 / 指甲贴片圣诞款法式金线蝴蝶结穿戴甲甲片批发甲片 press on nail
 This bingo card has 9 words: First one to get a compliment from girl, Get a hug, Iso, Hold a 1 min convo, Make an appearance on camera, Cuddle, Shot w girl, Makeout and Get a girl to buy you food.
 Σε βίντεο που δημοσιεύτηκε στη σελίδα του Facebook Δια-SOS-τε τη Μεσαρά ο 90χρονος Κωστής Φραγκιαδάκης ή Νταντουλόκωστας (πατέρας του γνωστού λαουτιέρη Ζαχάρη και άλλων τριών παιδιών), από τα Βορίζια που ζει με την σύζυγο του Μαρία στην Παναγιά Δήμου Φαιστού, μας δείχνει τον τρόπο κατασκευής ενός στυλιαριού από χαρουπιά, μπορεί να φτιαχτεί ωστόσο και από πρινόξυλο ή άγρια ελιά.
============
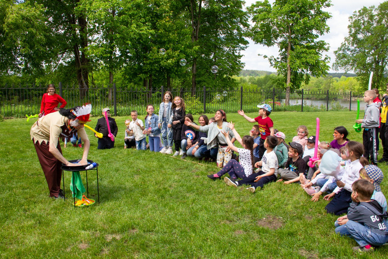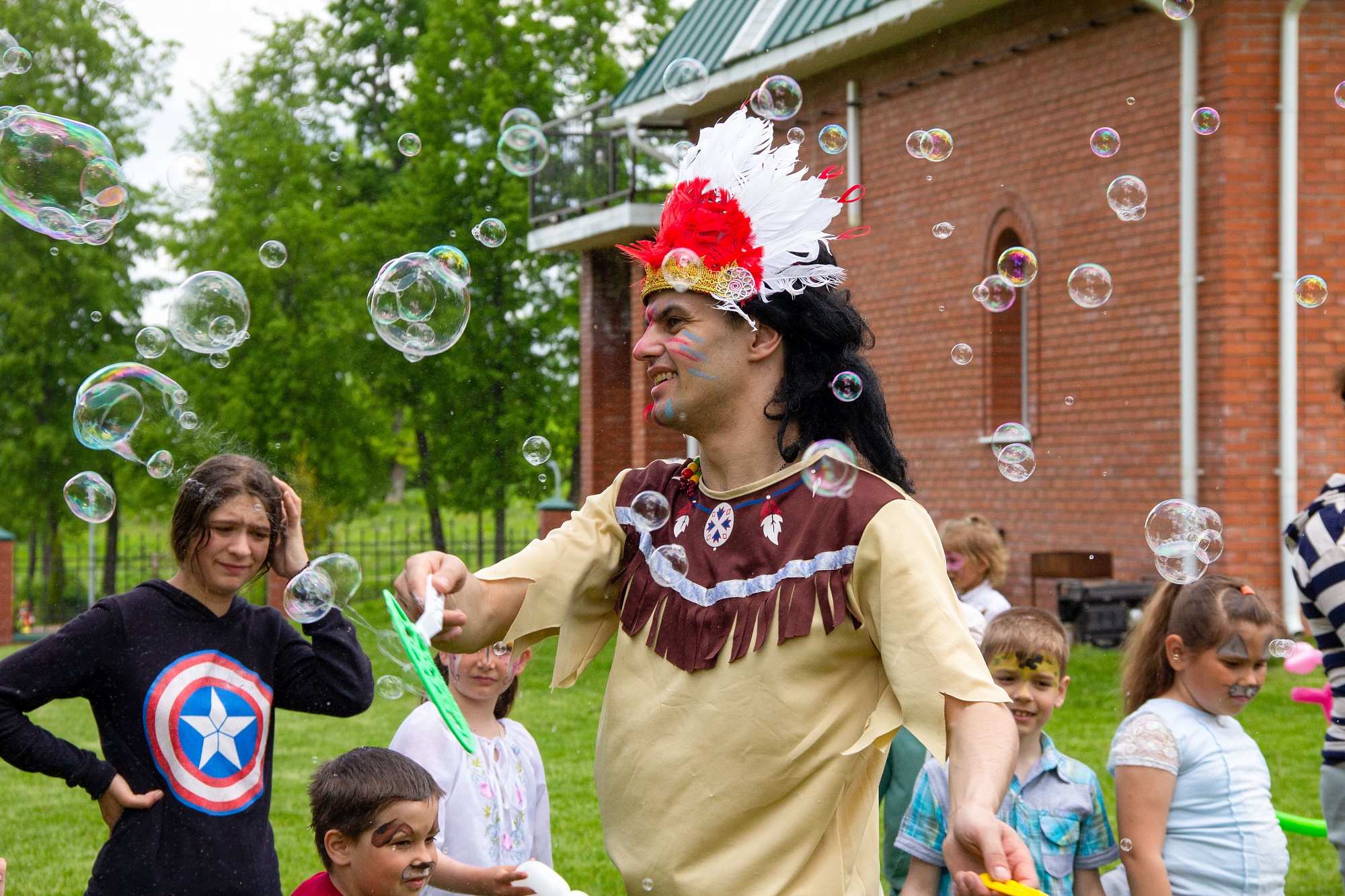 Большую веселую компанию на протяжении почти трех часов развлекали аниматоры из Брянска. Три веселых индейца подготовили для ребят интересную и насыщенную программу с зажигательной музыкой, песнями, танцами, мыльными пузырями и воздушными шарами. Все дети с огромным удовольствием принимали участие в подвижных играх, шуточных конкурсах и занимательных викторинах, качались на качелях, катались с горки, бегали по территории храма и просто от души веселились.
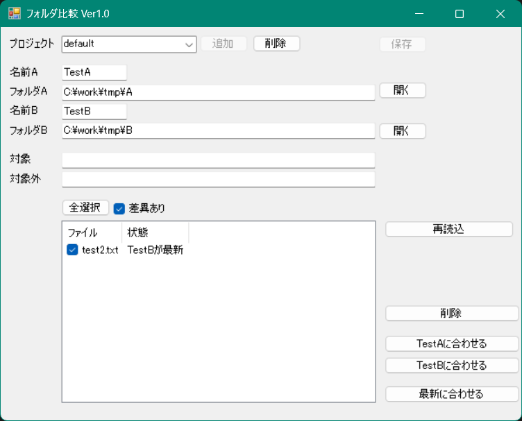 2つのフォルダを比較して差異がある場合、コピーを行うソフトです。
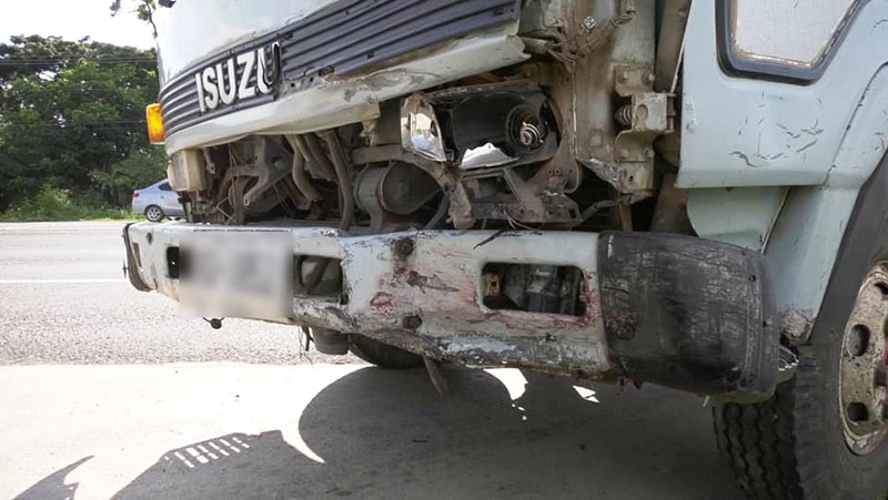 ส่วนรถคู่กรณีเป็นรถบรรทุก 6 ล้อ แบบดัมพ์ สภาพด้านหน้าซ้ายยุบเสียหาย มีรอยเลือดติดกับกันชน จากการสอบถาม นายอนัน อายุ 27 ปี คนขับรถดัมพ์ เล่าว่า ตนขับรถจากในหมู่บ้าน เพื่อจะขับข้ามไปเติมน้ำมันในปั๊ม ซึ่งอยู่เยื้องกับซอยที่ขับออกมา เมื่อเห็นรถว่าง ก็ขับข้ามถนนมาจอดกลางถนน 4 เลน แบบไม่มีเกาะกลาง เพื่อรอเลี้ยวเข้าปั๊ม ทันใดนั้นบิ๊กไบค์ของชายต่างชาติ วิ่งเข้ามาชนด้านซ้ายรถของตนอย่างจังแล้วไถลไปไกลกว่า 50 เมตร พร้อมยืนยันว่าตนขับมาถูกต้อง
============
BRIEF: From the listing above, the lines starting with the one that has "This bingo card" and running through the one that has "Σε βίντεο που" should be copied exactly, ends included.

ANSWER TO THIS EXERCISE:
 This bingo card has 9 words: First one to get a compliment from girl, Get a hug, Iso, Hold a 1 min convo, Make an appearance on camera, Cuddle, Shot w girl, Makeout and Get a girl to buy you food.
 Σε βίντεο που δημοσιεύτηκε στη σελίδα του Facebook Δια-SOS-τε τη Μεσαρά ο 90χρονος Κωστής Φραγκιαδάκης ή Νταντουλόκωστας (πατέρας του γνωστού λαουτιέρη Ζαχάρη και άλλων τριών παιδιών), από τα Βορίζια που ζει με την σύζυγο του Μαρία στην Παναγιά Δήμου Φαιστού, μας δείχνει τον τρόπο κατασκευής ενός στυλιαριού από χαρουπιά, μπορεί να φτιαχτεί ωστόσο και από πρινόξυλο ή άγρια ελιά.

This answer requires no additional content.